Zap!, der Notrufclient von nic.at (siehe unter Praxis) funktioniert unter Windows 7 nur im XP Modus. Wird Zap sonst unter Windows 7 gestartet verhält er sich zunächst normal, die Notruferweiterungen für z.B. Standortbestimmung und LoST funktionieren einwandfrei, doch bei Absetzen eines Calls bleibt Zap! mit der Meldung “Resolving Route” hängen.

Terminverschiebung: 8. Emergency Workshop

Der für 20.-22. September 2010 geplante 8. Emergency Services Workshop in Berlin wurde abgesagt - ein neuer Termin für diesen Workshop wird bekanntgegeben.

Weitere Informationen sind unter http://www.emergency-services-coordination.info/esw8.html nachzulesen.

141 und 144 in Niederösterreich

Ab dem 1. Juli 2010 wird auch der Notrufnummer 141 zur Leitstelle von “144 Notruf NÖ” umgeleitet. Vorerst ist dieser Betrieb für ein halbes Jahr vorgesehen.

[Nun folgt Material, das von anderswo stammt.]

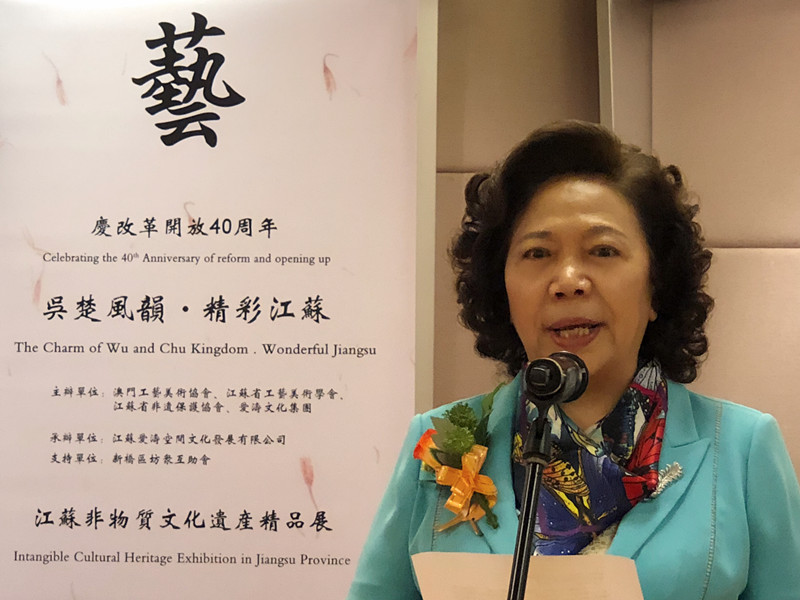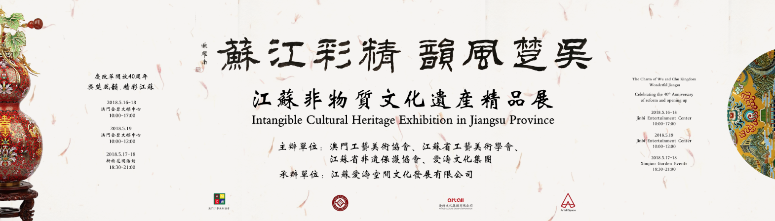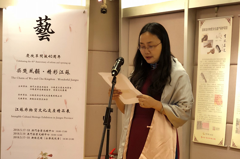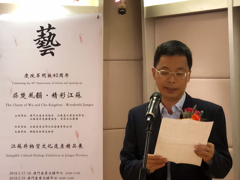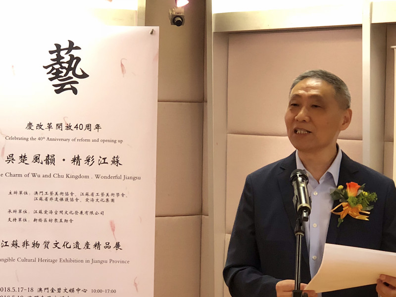 由澳門工藝美術協會、江蘇省工藝美術學會、江蘇省非遺保護協會、愛濤文化集團聯合主辦,江蘇愛濤空間文化發展有限公司承辦,澳門新橋區坊眾互助會協辦的文化部2018年內地與港澳文化交流重點項目“慶改革開放40周年吳楚風韻.精彩江蘇澳門行--江蘇省非物質文化遺產精品展”,5月16日至19日在澳門舉行。

Notruf 144 News / kurier.at

ÖNORM für Notruf- und Serviceleitstellen (NSL)

Die ÖVE/ÖNORM EN 50518-3 beschreibt “Abläufe und Anforderungen an den Betrieb” für Notruf- und Serviceleitstellen (NSL). Derzeit handelt es sich noch um einen Entwurf, weitere Informationen sind unter https://www.astandis.at/shopV5/Preview.action?preview=&dokkey=337651 verfügbar - Einsicht genommen werden kann beim OVE.

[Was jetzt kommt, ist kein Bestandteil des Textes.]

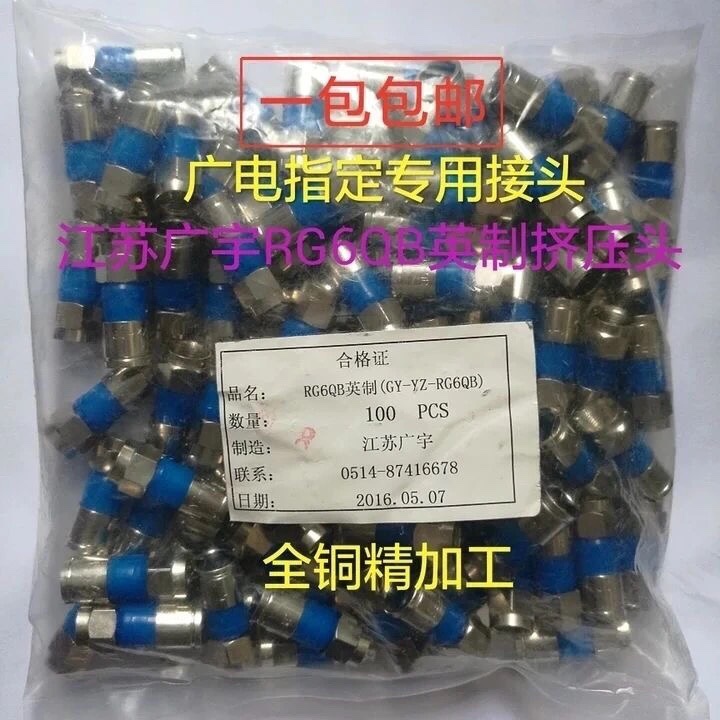 Wide-electric special RG6 pure copper F head 75-5 extrusion head F head cable set-top box dispenser connector plug
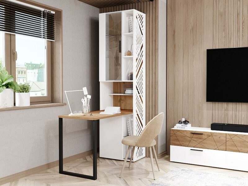 Стол-стеллаж можно использовать как отдельный предмет мебели, так и в сочетании с другими модулями коллекции.
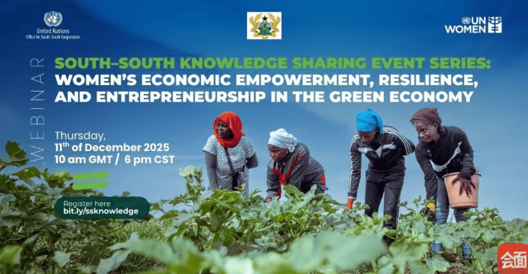 北京时间12月11日晚,由联合国妇女署西非和中非区域办事处,加纳性别、儿童与社会保障部,以及联合国南南合作办公室共同举办的“南南知识共享系列活动:绿色经济中妇女的经济赋权、韧性与创业精神”线上研讨会顺利召开。
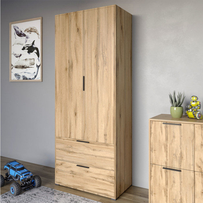 Шкаф распашной двухдверный LION Краш с 2 ящиками Дуб аппалачи (LION-044015)

OpenLLDP 0.4 veröffentlicht!

Nach längerer Pause wird am Projekt OpenLLDP wieder weitergearbeitet. Heute wurde OpenLLDP 0.4 unter der BSD Lizenz veröffentlicht um die Verbreitung in kommerziellen Produkten zu fördern.

OpenLLDP hat eine Open Source LLDP Implementierung zum Ziel. Eine Erweiterung für LLDP-MED Location Identification ist ebenfalls in Version 0.4 enthalten, somit ist das Projekt im Zusammenhang mit Standortkonfiguration und Notrufen interessant. In der aktuellen OpenLLDP Version ist eine Neighbors-Funktion hinzugekommen.

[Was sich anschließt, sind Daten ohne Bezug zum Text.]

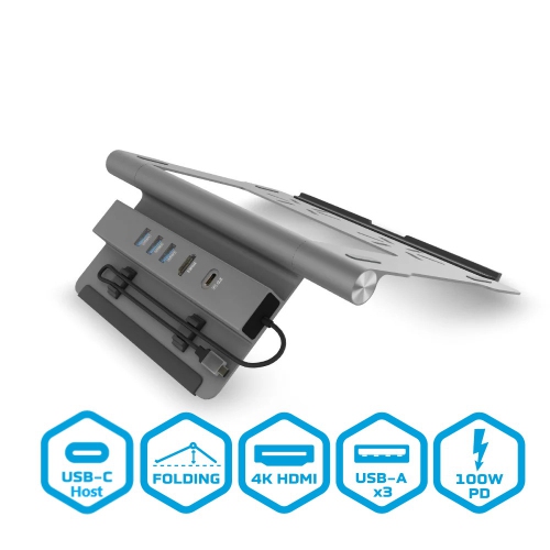 This USB/HDMI Docking Station + Laptop Stand offers a two-in-one solution for productivity and convenience. Its clever design integrates a docking station and adjustable laptop stand, making it easy to find the perfect viewing angle. Featuring a 45cm USB-C cable for fast data transfer and power, it supports 4K HDMI output at 60Hz, along with 3 USB-A 3.0 ports for high-speed data transfer. A dedicated USB-C port provides 100W Power Delivery to charge devices quickly.

Weitere Informationen und der Download sind unter http://openlldp.sourceforge.net/ verfügbar.

Notrufstatistik Finnland

Die Statistik für die Notrufnummer 112 in Finnland listet für 2009 mehr als 4 Millionen Notrufe auf. 75% dieser Notrufe wurden innerhalb von 5 Sekunden beantwortet, weitere 16% innerhalb der nächsten 5 Sekunden. 12% der Anrufer haben innerhalb der ersten 5 Sekunden wieder aufgelegt.

Detaillierte Statistiken für Finnland sind unter http://www.112.fi/index.php?pageName=statistics abrufbar.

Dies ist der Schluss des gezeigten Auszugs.